**TASK**
Return the records from the first line through the line containing "2025中國翻譯協(xié)會年會即將啟幕!語言橋邀您共赴盛會", and leave out the pictures.

─── RECORDS PROVIDED

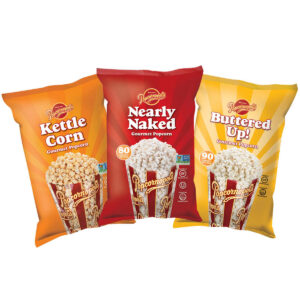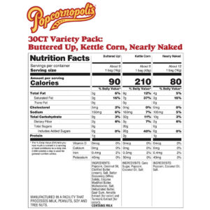 - Variety pack: 12-Nearly Naked Popcorn (0.55 oz), 9-Buttered Up! Popcorn (0.55 oz), 9-Kettle Corn Popcorn (1.5 oz)
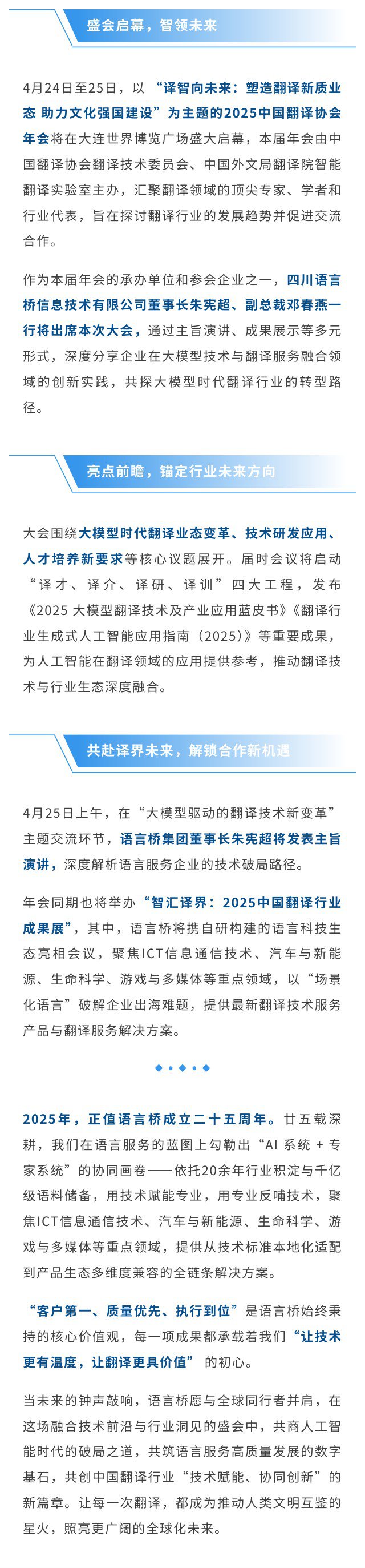 2025中國翻譯協(xié)會年會即將啟幕!語言橋邀您共赴盛會
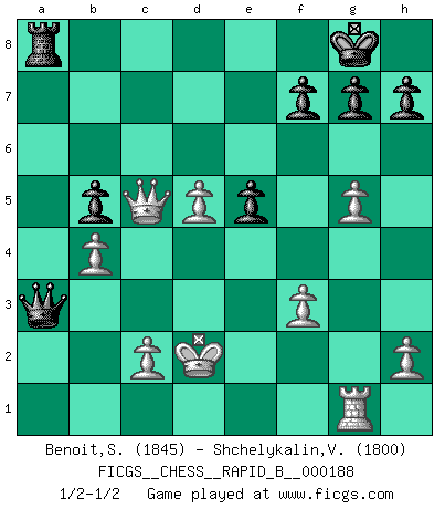 Last move : 1/2-1/2 2011 December 5 12:36:34 [Event "FICGS__CHESS__RAPID_B__000188"] [Site "FICGS"] [Date "2011.10.10"] [Round "1"] [White "Benoit,Sebastien"] [Black "Shchelykalin,Vyacheslav"] [Result "1/2-1/2"] [WhiteElo "1845"] [BlackElo "1800"] 1.e4 c5 2.Nf3 d6 3.d4 cxd4 4.Nxd4 Nf6 5.Nc3 a6 6.Be3 e5 7.Nb3 Be6 8.f3 Be7 9.Qd2 O-O 10.O-O-O Nbd7 11.g4 b5 12.g5 Nh5 13.Rg1 Nb6 14.Qf2 Nc4 15.Bxc4 bxc4 16.Nc5 Qc7 17.N5a4 Rab8 18.Nb6 Nf4 19.Nbd5 Nxd5 20.Nxd5 Bxd5 21.Rxd5 Rb7 22.Bd2 Rb5 23.Rxb5 axb5 24.Bb4 Ra8 25.Kb1 c3 26.bxc3 d5 27.exd5 Bxb4 28.cxb4 Qc4 29.Qc5 Qxa2+ 30.Kc1 Qa3+ 31.Kd2 1/2-1/2 Sicilian : Najdorf, Byrne (English) attack Kingside Castling by player Black (move 9) Queenside Castling by player White (move 10) This chess game ended in a draw. Follow this game move after move (download)Capture of the adverse King is the ultimate but not the first object of the game. (William Steinitz) Jede Eröffnung ist gut genug um gespielt zu werden, wenn nur ihr Ruf schlecht genug ist. (Savielly Grigorievitsch Tartakower) En el Ajedrez, cuando menos, el valiente hereda la tierra. (Edmar Mednis) Il a essayé de se convaincre qu'il pourrait empêcher toutes les erreurs et ne jamais perdre. L'horreur ! Gary Kasparov au sujet de Robert Fischer. Warrior pose battles inner weakness and wins focus. You see that there is no war within you. You're on your own side, and you are your own strength. (Terri Guillemets)
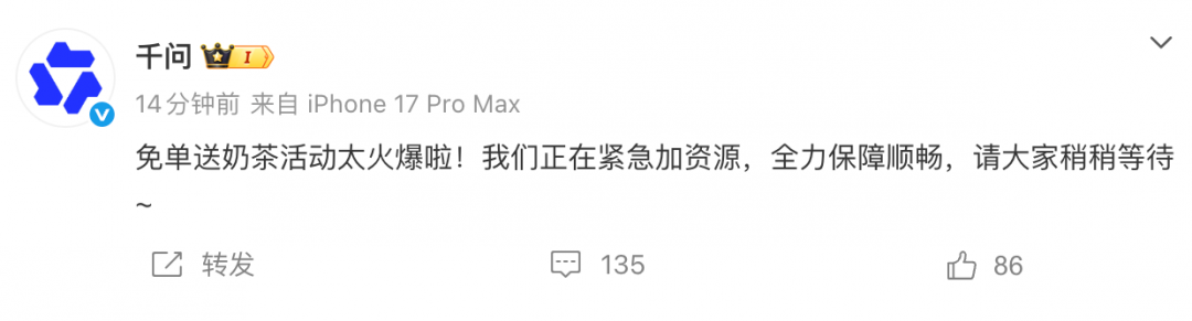 对此,千问官微发文回应称,“免单送奶茶活动太火爆啦!我们正在紧急加资源,全力保障顺畅,请大家稍稍等待。”
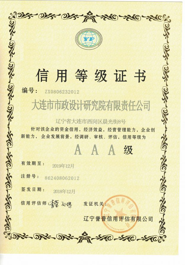 2018年12月2日,我院顺利通过由辽宁省信用中心审核的企业信用等级评价认证,获得AAA级企业信用评级证书。

──────

**OUTPUT BELOW**
 - Variety pack: 12-Nearly Naked Popcorn (0.55 oz), 9-Buttered Up! Popcorn (0.55 oz), 9-Kettle Corn Popcorn (1.5 oz)
 2025中國翻譯協(xié)會年會即將啟幕!語言橋邀您共赴盛會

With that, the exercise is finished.